Он медленно опустил микрофон, давая знак отключить громкую связь, а Ли Гуан-чень, ощерившись, прошипел:

— Моя — наблюдать…

— Ты — в сраку е…я …дь, — негромко, но четко выговаривая слова, ответил полковник. Получилось в рифму, но при этом как-то всерьез, даже без намека на улыбку, — а еще вот что: почему это ты, грязь, стоишь рядом со мной? По-моему, тебе никто на это место не звал. И без особого приказа лучше не попадайся мне на глаза. Потому что я могу быть не в духе и разделаюсь с тобой. Представляешь? Сделаю с тобой, что захочу, а вот мне никто, ничего за это не сделает…

Кули по-прежнему получали по одному комплекту спецодежды из десяти пошитых. Будучи вынужден наблюдать это, и при этом не имея ровно никакой возможности вмешаться, Ли Гуан-чень не выдержал и уже через пару дней спятил: это испытание для его, казалось бы, закаленной психики оказалось непосильным.

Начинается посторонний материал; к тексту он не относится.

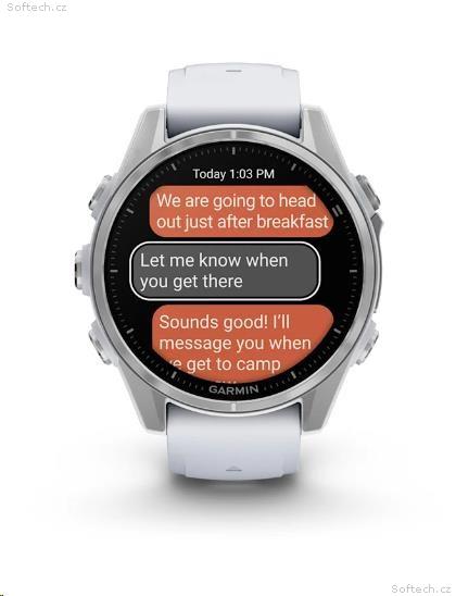 Na hodinkách můžete přijímat e-maily, textové zprávy a upozornění na spárovaném telefonu Android nebo Apple. Hodinky rovněž podporují platby Garmin Pay, abyste se při svých dobrodružstvích mohli vydat kamkoliv a nestarat se o to, že jste něco zapomněli doma. S hodinkami Garmin fénix 8 máte totiž vždy všechno důležité po ruce - na svém zápěstí.
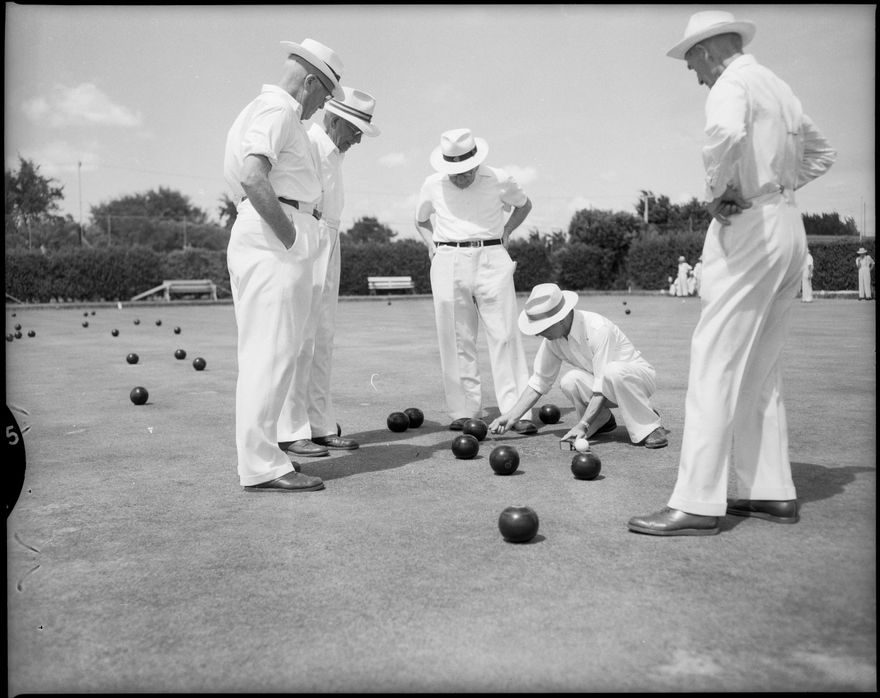 This image was taken for a story that ran in The Manawatu Evening Standard on 14 February 1958, page 3: "A typical sight at the veterans' bowling tournament, held yesterday at the Northern Club's green, is this interest shown in a close measure. A friendly atmosphere prevailed throughout the tournament."
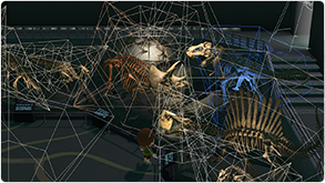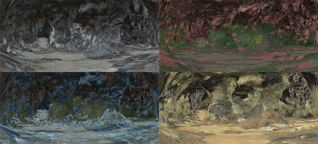 - ・ このモデルの形状に基づいて、岩壁の凹凸形成、鍾乳石モデルの配置、質感の割り当てなど、プロシージャル手法を用いて自動で装飾しています。
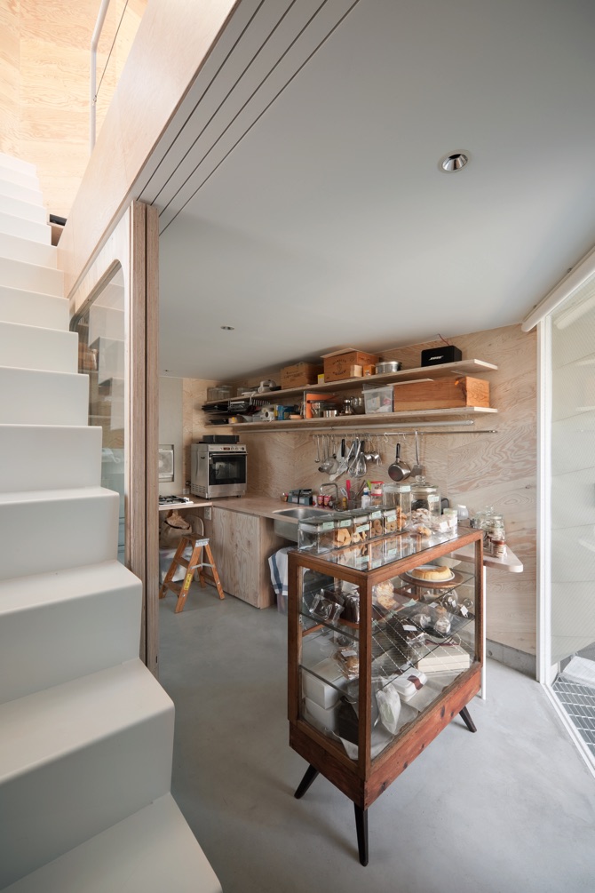 当初から、住宅の一部をクッキー屋さんにしたいというのが大きな要望の一つだった。しかし、もともと小さい敷地の上に旗竿地という条件の中で店舗兼住宅を納めるのは困難を極めた。そこで、東京にかつてからある職住一体の町屋の生活を思い浮かべてみた。それは、店舗と家とがとても近い距離で接続されているだけでなく、そこに訪れる来客とも結びついたコミュニティのある楽しい日常である。今回の計画でもそのようにお店と住宅が断絶せず、むしろ開放的で繋がっていくような構成を考えられないか、そこに住むご家族とお店に訪れるご近所のお客さんとが自然と結びついていくコミュニティが実現できないか。そんな問いから空間を考えた。具体的には1階のお店を含め5畳ほどの小さな空間を数珠状に半階ずつずらしながら垂直方向に重ねていった。高度斜線のため切られてしまう屋根部分は思い切ってトップライトにして、半階ずれた床に乱反射しながら最下階まで光が届くようにした。
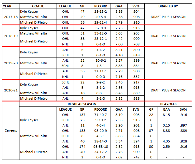 Obviously, I have followed the career paths of DiPietro, Villalta, Keyser and Fulcher since they first broke into the OHL and have continued to follow their careers since then. I want to look at their careers to date following that 2017 draft and compare Keyser to the two goaltenders that were selected.
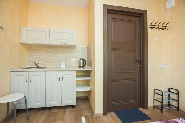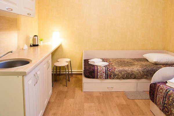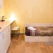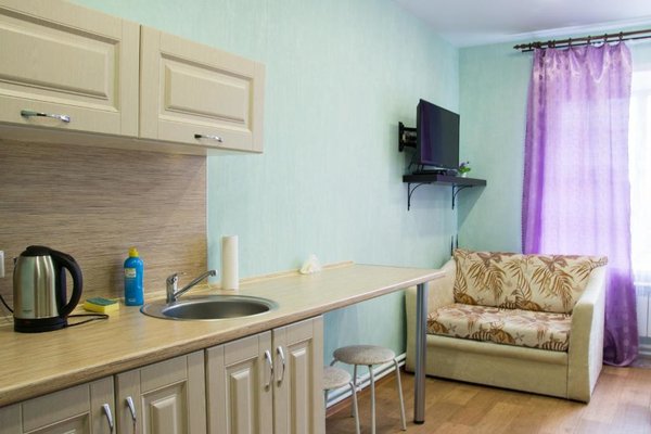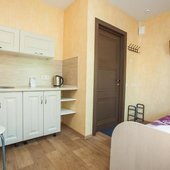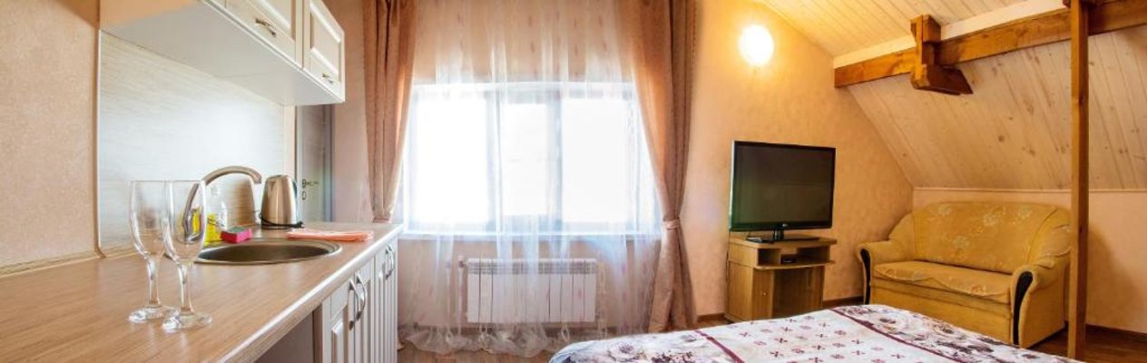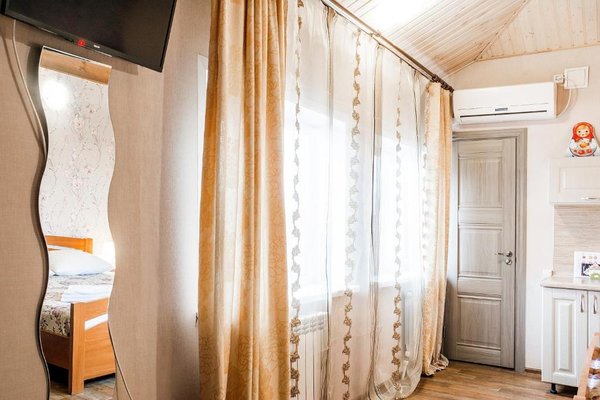 Гостиница расположена в тихом уголке в центре города Тольятти. Прекрасная транспортная доступность для автомобилей и общественного транспорта. Гостевой дом предоставляет бесплатную парковку. Каждый номер сделан по формату квартиры-студии и укомплектован мини-кухней.

Еще через пару дней неожиданно похолодало, так что китайцы натянули свежепошитые робы, брошенные в прорыв сержанты и бывалые рядовые бойцы весь вечер обучали их правильно наматывать портянки, — и обучили. Только трети достались солдатские ботинки с обмотками из довоенных запасов, остальные обулись в новенькие кирзовые сапоги со складов 39-й армии. Ночью охрану удвоили, и все попытки как-то скинуть хабар бесшумным Ночным Теням не имели успеха. А наутро контингент отправили на совсем новенькую станцию «Степная — 3» только что проложенной ветки железной дороги, колонной, своим ходом. А товарищ Владимиров, глядя на бесконечные ряды черных фигур, бредущих на север, вдруг спросил:

— А вам, товарищ полковник, не страшно? Вот и мы, наподобие просвещенной Европы, обзавелись рабами.

— Для этих работа на Магистрали — счастливый билет. Хоть какая-то перспектива. Не думаю, что до весны из них дожило бы больше десяти процентов.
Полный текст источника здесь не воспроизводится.